Re: [squid-users] What load can SQUID cope with in accelerator mode?

From: Duane Wessels <wessels@dont-contact.us>
Date: Wed, 14 Mar 2001 11:17:24 -0700 (MST)

On Wed, 14 Mar 2001, Simon Morley wrote:

> Hi,
> I am trying to work out how much load I can expect to handle using SQUID in
> accelerator mode. It would very much help if people could give me an idea of
> what load they are coping with for a given hardware configuration and OS.
>
> For example we have the following hardware:-
>
> Dual PIII 800Mhz with 1GB RAM and 8GB SCSI for the cache.
> This is running Linux with a 2.2 kernel.
>
> SQUID is in accelerator mode and is running with a pool of 30 redirectors
> which munge URL's from public to internal representation.
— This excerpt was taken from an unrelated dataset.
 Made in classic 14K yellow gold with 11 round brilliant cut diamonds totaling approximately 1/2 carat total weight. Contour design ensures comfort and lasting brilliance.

This all front
> end's a pool of Windows 2000 servers which runs our service.
>
> At peak load we are getting about 100 requests a second, of which I am
> getting a 95% hit rate with the average object size being around 6KB. This
> uses about 6 to 7% CPU and around 2 or 3 of the redirectors to be in
> permanent use.
>
> This does suggest that we will run out of bandwidth before SQUID runs out of
> power, but I want to get more *real world* values.
>
> Any help would be very much appreciated.
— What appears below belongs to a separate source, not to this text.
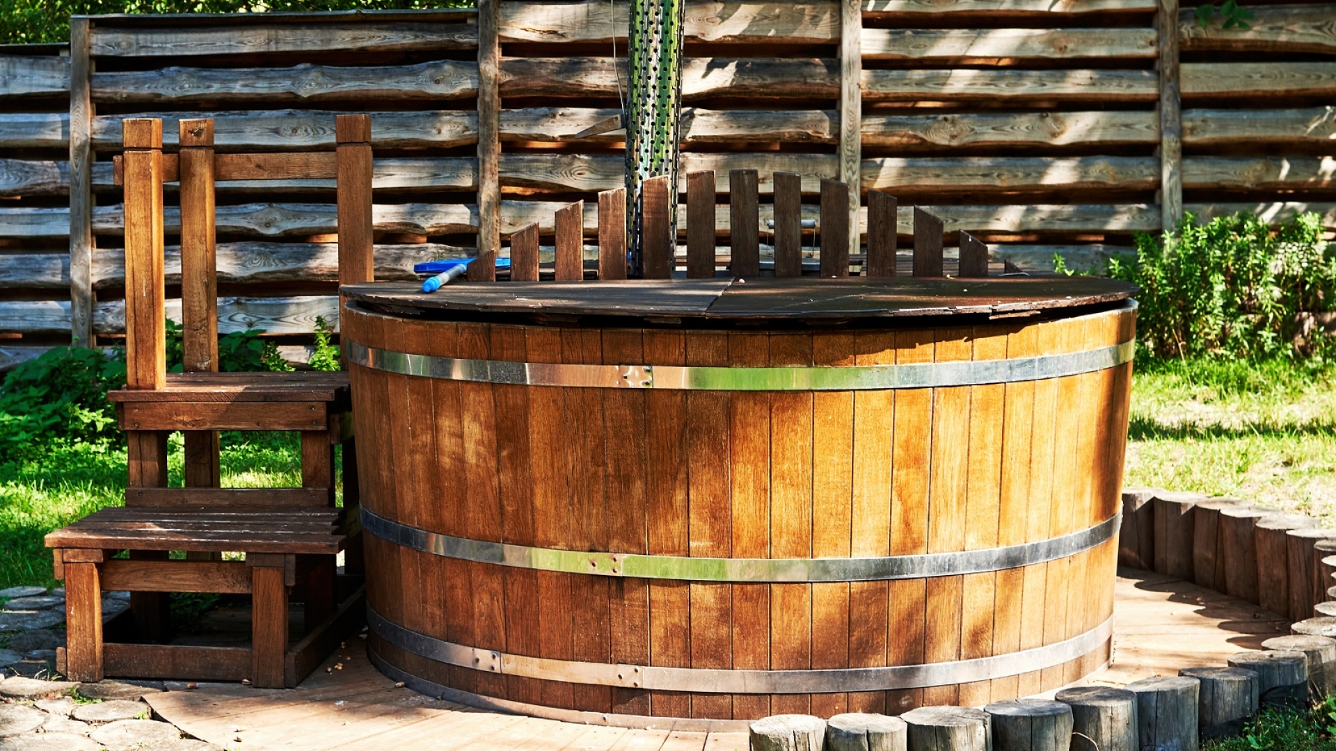 Durch eine Holzverkleidung kann sich das Badefass gut in die natürliche Umgebung einfügen. Die Verkleidung des Fasses sollte aus einem beständigen, wetterfesten Holz bestehen, dann kann das Fass das gesamte Jahr über genutzt und draußen stehen gelassen werden. Praktisch ist es zudem, wenn das Holz zum Anfeuern direkt in der Nähe gelagert wird.

I've done tests with polygraph and achieved 500+ requests per second
with similar workload characteristics (90% DHR, 10K file size).

One of the first bottlenecks that you'll probably hit is the
number of ephemeral TCP ports. In my case I couldn't get past
300 req/sec until I decreased the TCP MSL value so ports are
reused faster. On your linux box you'll want to increase
the ephemeral port range first, and decrease MSL as a last resort.